Can Tho International Airport  (), formerly Trà Nóc Airport is an airport located in Can Tho in Mekong Delta region of Vietnam.

The airport was inaugurated on January 1, 2011 and received US$150 million to build on  of land. It aimed to be able to process up to 5 million passengers a year. It will serve air travel in the region, boost Mekong Delta's economy, improving defence, security and international integration.

History 
Trà Nóc Airport was originally constructed during the Vietnam War in 1965 by United States Air Force (USAF) civil engineering units as a military airfield, which became Binh Thuy Air Base.  It was used by the USAF as well as being the Headquarters of the Republic of Vietnam Air Force (VNAF) 4th Air Division until 1975.

On 19 April 1969 the VAL-4 Light Attack Squadron began combat operations, flying air support for the Mobile Riverine Force in the Mekong Delta of South Vietnam.

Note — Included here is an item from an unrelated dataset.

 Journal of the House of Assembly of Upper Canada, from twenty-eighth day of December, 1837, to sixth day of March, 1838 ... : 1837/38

The missions included normal patrol, overhead air cover, scramble alert and gunfire/artillery spotting. On 31 March 1972 the squadron conducted its last combat mission prior to its disestablishment on 10 April 1972.

After 1975, the facility was initially unused, then later operated as a small regional airport for Can Tho. It was expanded and upgraded to international status, with completion due in 2008.

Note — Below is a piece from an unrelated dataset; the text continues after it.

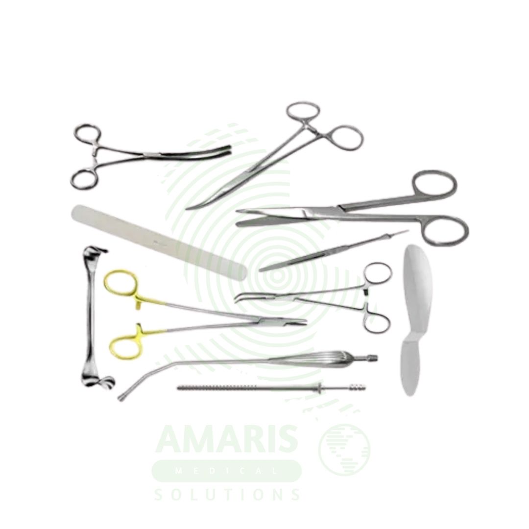 A Laparotomy Set is a sterile instrument tray containing comprehensive instruments for abdominal surgical procedures requiring laparotomy. The set includes instruments for abdominal incision, exposure, dissection, hemostasis, and closure, supporting a wide range of intra-abdominal surgeries including exploration, bowel resection, biliary procedures, and tumor removal. Essential for general surgery, trauma surgery, and oncologic surgery operating rooms, it ensures that all necessary instruments are sterile, organized, and immediately available for safe and effective abdominal surgery.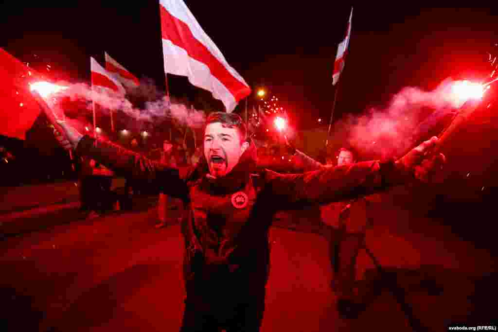 Lithuania - Belarusians marching through Vilnius streets to honour reburied 1863 heroes, 23Nov2019

Upgrading of Trà Nóc airport

The expansion work of Trà Nóc airport started on 4 January 2006. The project will be implemented in two phases, covering an area of 85.04 ha. 
Phase 1: due to be completed in 2008, work including: improvement of the paved runway (2,400 m x 45 m), apron (27,491 m2), cost estimate: 370 billion VND ($23 million). Upon completion, this airport will be capable to handle medium range aircraft such as the Airbus A320, A321, and the Boeing 767.
Phase 2: construction of a new terminal (19,000 m2), cargo terminal and other facilities. Cost estimate: 400–500 billion VND ($25 to 31 million). The capacity of this terminal is 2 million passengers per year.

Current status
The airport is operating at loss, serving only 20% of its designed capacity.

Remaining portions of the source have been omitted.